Sidewalk rage
I often talk about how much I hated driving in California, but sometimes traversing the streets of New York on foot can be similarly frustrating. While walking down Amsterdam Avenue yesterday evening, fresh off an embarrassingly short run in the park, I made note of some of the major impediments to getting from point A to point B:
1. Guys in flip-flops
When the weather's nice and you're in an area filled with bars and restaurants, the streets are littered with overgrown frat boys who are apparently unaware that their minimalist footwear causes them to shuffle down the sidewalk like elderly ducks. Because these guys are rarely without their "bro"s, there is often a cadre of these doofuses blocking the entire sidewalk, four or five abreast.
2. Nuzzling couples
Only the extremely talented can walk and chew their girlfriend's face at the same time.
3. Cell phone zombies
The ability to walk (or drive) with a cell phone varies dramatically from person to person. For instance, you might see a middle aged man in the midst of a screaming fit ("let me speak to your supervisor!") blasting down the avenue with no navigational impairment. Meanwhile, a lady jabbering about picking up Justin and Chloe from piano practice weaves lazily up and down the sidewalk like a gimpy turtle chewing on an ether-soaked rag.

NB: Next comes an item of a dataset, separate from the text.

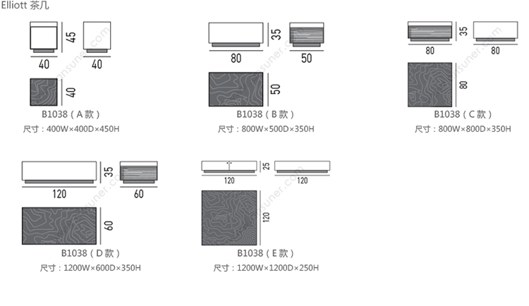 Elliott 茶几 系列尺寸/示意图

4. The peripherally-challenged
These are the people who make me wonder if I've left the house wearing my invisibility cloak. It doesn't matter if it's a crowded sidewalk, or I'm the only one on the block, but there will always be someone who decides that the perfect time to move from the storefront to the curb is the very moment I'm passing them. I want to scream "I walking here!" but then I remember I'm shy.
5. Proto-peripherally-challenged
These are the Muppet Baby versions of number 4: uncoordinated tykes who have been encouraged to sprint down city streets with wobbly abandon, but haven't been taught how to avoid running into fire hydrants, dogs, and grown men who think children are complete idiots.
6. Hernán Cortés de stúpido
It pretty much goes without saying that when you're in any sort of traffic, whether you're on the Indy Car circuit or pulling a sled in Alaska (you dog), you can't come to a dead stop without getting rear-ended. For some reason, visitors to New York think there's an exception when it comes time to study the cartoon map/place mat they got for free at the hotel front desk (don't panic; the Statue of Liberty is not to scale!). Meanwhile, I have to move like Fred Astaire on a quadruple espresso to avoid doing a faceplant into some Midwestern fatso's sweaty back.
7. Uneven sidewalks
And finally, just to prove my beef isn't just with humanity (unless you count municipal government as such), I'm convinced New York's budget for sidewalk repair is somewhere between that for subway rat removal, and hobo urine deodorizer. Every time I leave the house, I'm using every last bit of my minuscule brainpower trying to avoid tripping over gnarly tree roots, crumbly curbs, and cracks that are essentially miniature cliffs. I'm not sure how little old ladies (not to mention frat boys in flip-flops) manage to survive on our third-world-style walkways-o-death.
Other than that, walking around New York is a lot of fun. Tell your friends!